(Exercise): An exact repeat is needed of the lines from the one with "Collier pendentif Véritable" through the last line of the data below. Please omit the pictures.

(Dataset content):
···
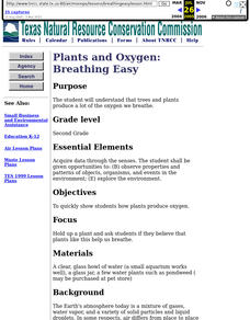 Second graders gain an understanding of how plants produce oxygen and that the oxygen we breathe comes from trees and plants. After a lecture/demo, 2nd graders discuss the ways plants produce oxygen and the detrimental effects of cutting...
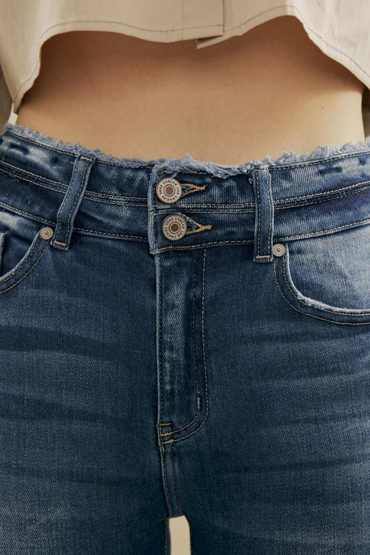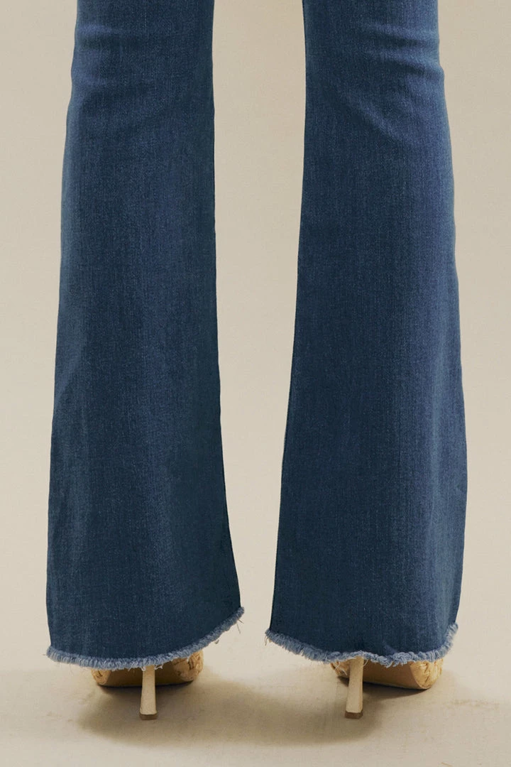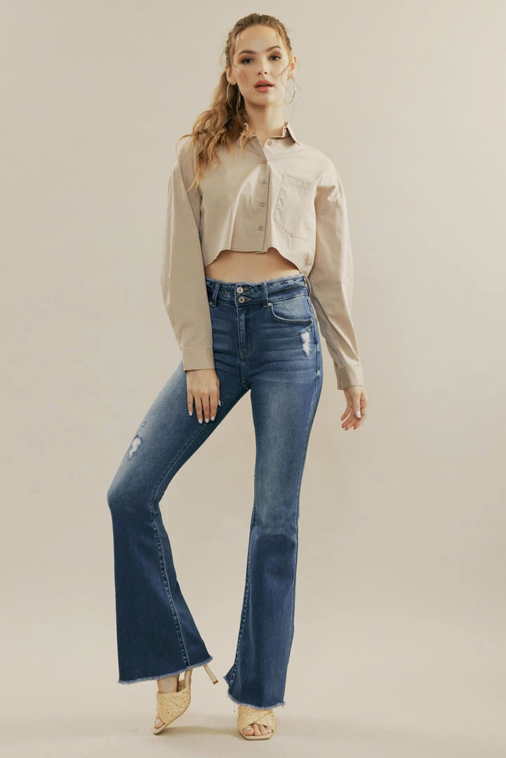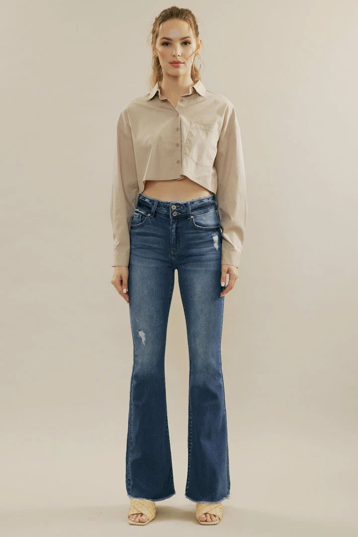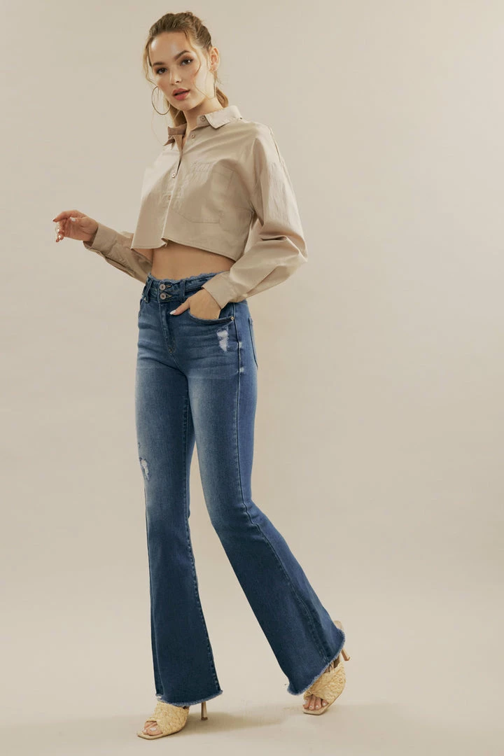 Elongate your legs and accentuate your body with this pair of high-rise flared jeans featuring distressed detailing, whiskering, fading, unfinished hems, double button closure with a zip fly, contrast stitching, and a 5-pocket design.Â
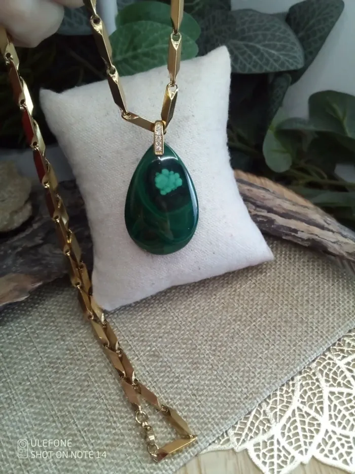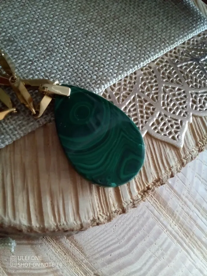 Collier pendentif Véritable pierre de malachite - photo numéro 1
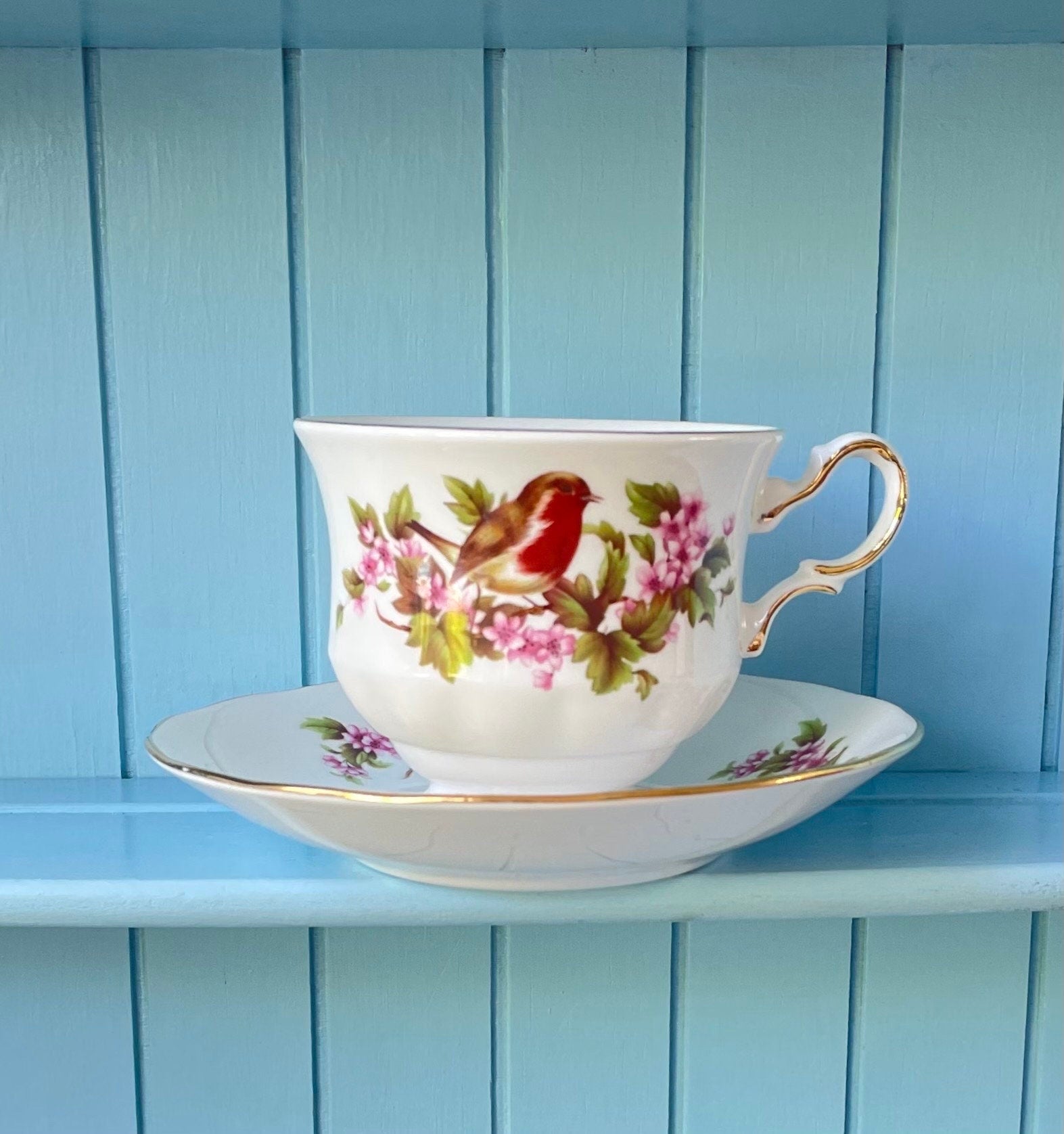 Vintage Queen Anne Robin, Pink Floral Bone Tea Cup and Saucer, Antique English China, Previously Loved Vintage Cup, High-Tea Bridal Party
···
(Solution for this task):
 Collier pendentif Véritable pierre de malachite - photo numéro 1
 Vintage Queen Anne Robin, Pink Floral Bone Tea Cup and Saucer, Antique English China, Previously Loved Vintage Cup, High-Tea Bridal Party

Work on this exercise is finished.